DESCRIPTION OF THE TASK: Return all of the listing word for word; the pictures stay out.

INPUT DATA:
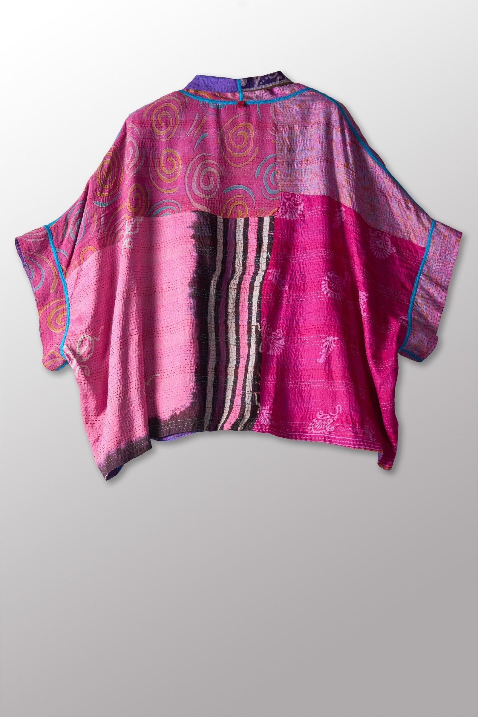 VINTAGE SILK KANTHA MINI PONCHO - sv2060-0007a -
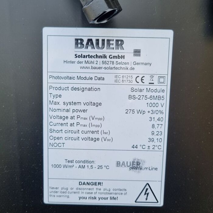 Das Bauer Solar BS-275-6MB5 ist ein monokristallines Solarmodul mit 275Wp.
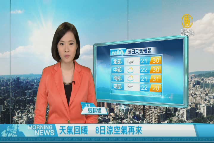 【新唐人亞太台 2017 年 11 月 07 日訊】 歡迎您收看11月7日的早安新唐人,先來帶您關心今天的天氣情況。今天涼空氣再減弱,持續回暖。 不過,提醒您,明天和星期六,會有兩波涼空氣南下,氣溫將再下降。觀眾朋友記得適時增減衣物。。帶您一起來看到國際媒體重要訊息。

COMPLETED EXERCISE:
 VINTAGE SILK KANTHA MINI PONCHO - sv2060-0007a -
 Das Bauer Solar BS-275-6MB5 ist ein monokristallines Solarmodul mit 275Wp.
 【新唐人亞太台 2017 年 11 月 07 日訊】 歡迎您收看11月7日的早安新唐人,先來帶您關心今天的天氣情況。今天涼空氣再減弱,持續回暖。 不過,提醒您,明天和星期六,會有兩波涼空氣南下,氣溫將再下降。觀眾朋友記得適時增減衣物。。帶您一起來看到國際媒體重要訊息。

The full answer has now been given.